I Killed the AoC Architecture Resilience Project on Day 4 (And Why It Was Good Governance)

By Andy Carlberg | Published on 12/8/2025

I set out to prove a point: that architectural discipline - like Test-Driven Development (TDD), Make It Work, Make It Right, Make It Fast iteration, and overall smart governance - is the best way to manage a software project. For the first four days of Advent of Code, we absolutely nailed it.

The premise was an experiment in resilience, stress-testing our governance against the pressure cooker of daily puzzles. The goal wasn’t just to solve the puzzle; it was to prove the strategy.

As of Day 4, the experiment is formally concluded. I don’t see this as a failure of discipline. Instead, I see this as a pragmatic strategic decision. Here is the rationale for the pivot, and the core lessons we successfully locked in.


The Rationale for the Pivot

Prioritization is the Ultimate Resilience Strategy

The most resilient system has a strong firewall between ‘fun side project’ and ‘real-life priorities.’ While AoC was a great proving ground, real-world events like family holiday commitments and end-of-year business demands took precedence. It’s hard to justify fun but ultimately low-value coding challenges over attending holiday parties with my kids.

Besides, the overall point was made. In any enterprise context, the moment you choose to allocate precious resources (like my time) to a non-critical experiment after its key learning objectives are met, you’ve committed a failure in strategic governance. Stopping is the most strategically sound choice I could make right now. If we have already learned and demonstrated what we can, continuing would just be a waste of time we could better apply elsewhere.

The Return on Strategy Taps Out

As the challenges progressed past Day 4, the nature of the solution shifted dramatically. It went from requiring solid system stability and change management (where TDD shines) to purely algorithmic identification (where your brain is the most important tool).

The problems became less about how to build a resilient system and more about recognizing a specific graph theory challenge. When that happens, the overhead of maintaining enterprise-grade TDD starts generating friction rather than mitigating it. I found the strategic overhead was actively impeding the velocity of discovery - it proved its own limits in this specific domain.


The Core Learnings Locked In

Despite the early pivot, the experiment successfully validated several core principles. We got the data we came for:

  1. TDD as Governance, Always: Our practice confirmed that TDD’s primary value is not driving the initial algorithm, but serving as a robust governance mechanism for change.

  2. The first pass (“Make It Work”) usually solved the challenge, and the rigorous “Make It Right” step consistently identified and squashed subtle bugs in either the code or the test logic - demonstrating its power in mitigating technical debt before it even felt real.

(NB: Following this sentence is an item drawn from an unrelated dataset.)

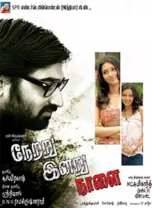 Netru Indru Naalai (transl. Yesterday, Today, Tomorrow) is a 2008 Indian Tamil-language film produced by Nukarapu Surya Prakasa Rao and directed by Lakshmikant Chenna. The film stars Ravi Krishna and Rekha Vedavyas (credited as Akshara).[1] The film was simultaneously made in Telugu as Ninna Nedu Repu.[2] The music was composed by Anil, and the film released on 9 October 2008.
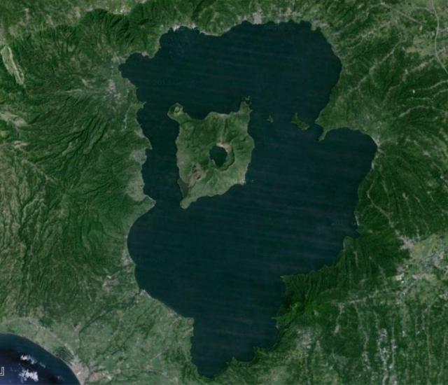 Pe Google Earth a fost înregistrată o formaţiune de acest fel ce prezintă o mică insulă aflată în craterul unui lac de pe o insulă numită Volcano care se află în lacul Taal de pe insula Luzon din Filipine. Timp de o perioadă lungă de timp acest fenomen a fost considerat cel mai mare observat cu Google Earth, însă o formaţiune mult mai mare se află în nordul Canadei.

  3. The Predictable Success of the Iterative Loop: The Make It Work, Make It Right, Make It Fast process worked exactly as designed. The results were visible and reliable. We proved the strategy’s validity against early-stage complexity. Continuing would have only reiterated the success for the same reasons. We proved the hypothesis, case closed.

An Unintentional Study: The LLM in the Engine Room

The series unexpectedly became a useful test for integrating AI into my workflow. I used Gemini, a general-purpose LLM, which was excellent for boilerplate generation and structural code, but required significant guidance and human verification to ensure the actual logic was correct.

This finding is critical: Governance and validation remain human, architectural responsibilities. The AI is a powerful assistant, but the architect is still the only one with the strategic map.


Conclusion: The Ultimate Resilient Architecture

The experiment proved the strength of enterprise discipline against initial complexity. The pivot proved the strength of strategic prioritization against real-world constraints.

The resilient strategist is the one who chooses the right tool for the job. And the ultimate resilient architecture? Knowing exactly when to clock out.